Encoding Causal Macrovariables
This work addresses the need for automated macrovariable detection in scientific disciplines using high-dimensional data, offering a method that can be adapted to different goals, but it appears incremental as it builds on existing causal modeling concepts.
The paper tackles the problem of automatically detecting suitable macrovariables for coarse-grained causal models from high-dimensional observational data, introducing a novel algorithmic approach inspired by information bottlenecks. It demonstrates robust detection of ground-truth variables in synthetic data and identifies known El Nino variations in a real climate dataset.

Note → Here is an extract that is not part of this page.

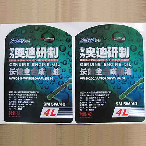 润滑油标签属于功能性油类产品标签,主要应用于发动机油、变速箱油、液压油、摩托车机油、工业润滑油、链条油等各种塑料瓶、金属罐包装。由于润滑油产品本身具有油性强、易污染、瓶体难粘贴的特点,对标签的防油、防刮、粘贴牢度和整体印刷质量提出了更高要求。

In many scientific disciplines, coarse-grained causal models are used to explain and predict the dynamics of more fine-grained systems. Naturally, such models require appropriate macrovariables. Automated procedures to detect suitable variables would be useful to leverage increasingly available high-dimensional observational datasets. This work introduces a novel algorithmic approach that is inspired by a new characterisation of causal macrovariables as information bottlenecks between microstates. Its general form can be adapted to address individual needs of different scientific goals. After a further transformation step, the causal relationships between learned variables can be investigated through additive noise models. Experiments on both simulated data and on a real climate dataset are reported. In a synthetic dataset, the algorithm robustly detects the ground-truth variables and correctly infers the causal relationships between them. In a real climate dataset, the algorithm robustly detects two variables that correspond to the two known variations of the El Nino phenomenon.